Einer der schönsten Ankerplätze, Isla San Francisco
Der
nächste Punkt, an dem uns die beängstigende Realität des Virus
traf, war der malerische Ankerplatz von Agua Verde. Wir ankerten in
dem kleinen Dorf, wo Aktivitäten am Strand oder Essen im kleinen
Strandrestaurant nicht mehr erlaubt waren.
Der sehenswerte Südankerplatz von Isla Verde
Als
wir an Land zum Dorfladen gingen, trugen wir respektvoll unsere
Gesichtsmasken und wurden vom freundlichen Dorfpolizisten auf seinem
Quad begrüßt. Er war sichtlich erfreut zu sehen, dass wir bereits
die empfohlenen Vorsichtsmaßnahmen getroffen hatten. Nach dem
'buenos dias' des Polizisten gingen wir weiter zum Laden. Im Geschäft
stellten wir fest, dass jeweils nur eine Person mit Gesichtsmaske und
frisch desinfizierten Händen eintreten darf. Alles vernünftigen
Vorsichtsmaßnahmen. Hier konnten wir mit einem Stunden-Ticket Zugang
zum Satelliten-Internet kaufen. Die Verbindung war sehr langsam,
dennoch konnten wir einige wichtige E-Mails lesen und senden.
Dieser
Luxus war jedoch schnell vorbei, da Mexiko in Level 4 ging und somit
der Laden und das Dorf für alle Außenstehenden geschlossen wurde.
Die Dörfer sollte völlig isoliert sein, niemand darf mehr das Dorf
verlassen oder betreten. Wir wurden nicht gebeten, den Ankerplatz zu
verlassen und durften weiterhin in den Hügeln und an den Stränden
außerhalb des Dorfes spazieren gehen.
Auf einem unserer Wanderungen
Da
ein Großteil der mexikanischen Bevölkerung nicht weit über der
Armutsgrenze lebt, waren wir Yachties zutiefst besorgt darüber, wie
sich der plötzliche Verlust des Einnahmen durch den Besuch von uns
Yachten auf das Leben der Dorfbewohner auswirken würde. Darüber
hinaus waren wir sehr besorgt darüber, wie ihre Bedürfnisse gedeckt
würden, wenn sie von Lieferungen aus der Außenwelt abgeschnitten
sind. Die Sorge um unsere eigene Situation war gering, da die meisten
Yachten gut versorgt waren und nach Belieben weiterfahren konnten.

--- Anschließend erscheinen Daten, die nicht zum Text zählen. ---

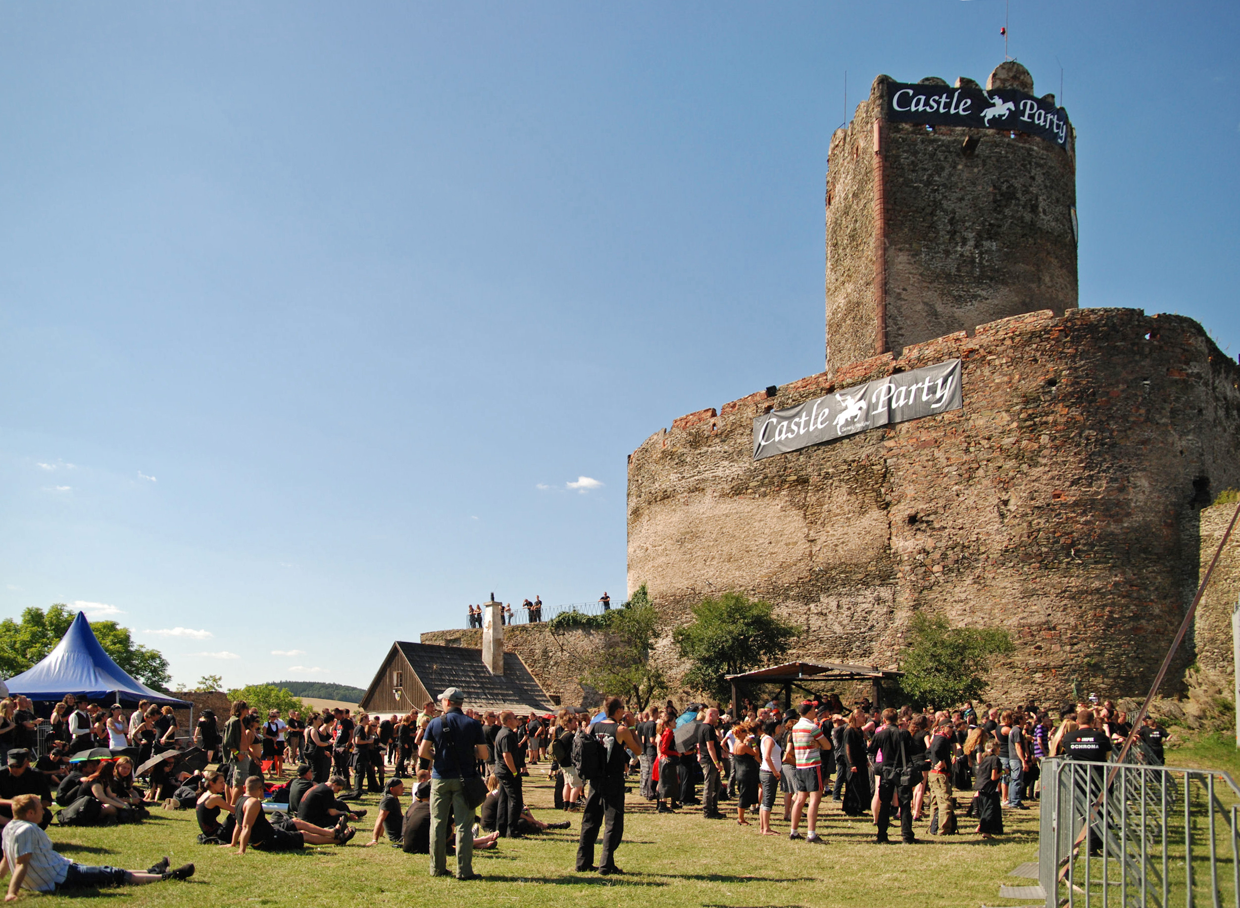 Castle Party 2008

Die hart arbeitenden mexikanischen Familien hatten nur die
Lebensmittel, die sie zum Zeitpunkt der Schließung hatten und
mussten damit für unbestimmte Zeit auskommen. Positiv zu vermerken
ist, dass das Dorf einen ausgezeichneten Ziegenkäse produziert, von
dem die Yachties viel gekauft haben. Da es sich um ein im Dorf
hergestelltes Produkt handelt, das keine Eingaben von außen
erfordert war das eine gute Möglichkeit, mehr Geld in die Wirtschaft
des Dorfes zu bringen.
Interessanterweise dürfen sich die Ziegen mit einem großen Hund frei bewegen. Der Hund wird als junger Welpe mit der Ziegenherde zusammengebracht und betrachtet die Ziegen daher als sein Rudel, das er beschützt und gegen Raubtiere, z.B. Kojoten verteidigt.
Interessanterweise dürfen sich die Ziegen mit einem großen Hund frei bewegen. Der Hund wird als junger Welpe mit der Ziegenherde zusammengebracht und betrachtet die Ziegen daher als sein Rudel, das er beschützt und gegen Raubtiere, z.B. Kojoten verteidigt.

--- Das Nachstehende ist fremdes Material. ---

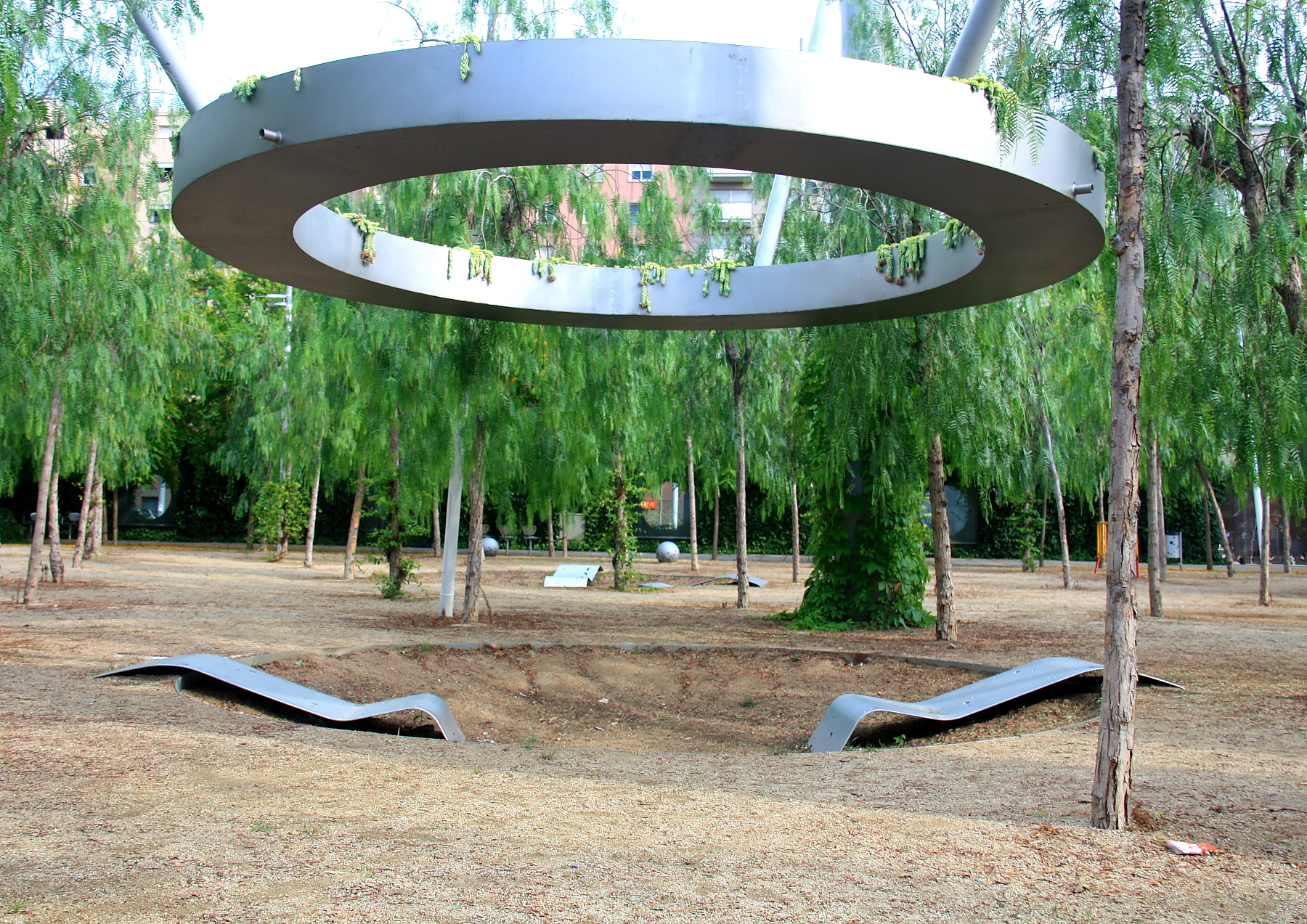 Off the tourist path in Barcelona lies the ultra-modern Park del Centre del Poblenou near Torre Agbar, both designed by French-born architect Jean Nouvel.

Der Nordankerplatz von Aqua Verde
Es
sind mittlerweile 5 Wochen, seit wir La Paz verlassen haben. Die
Situation war jetzt schwer einzuschätzen. Was bedeutete das alles
für uns als Langzeitbesucher? Wie wird sich die
Lebensmittelversorgung für die Bevölkerung und für uns entwickeln?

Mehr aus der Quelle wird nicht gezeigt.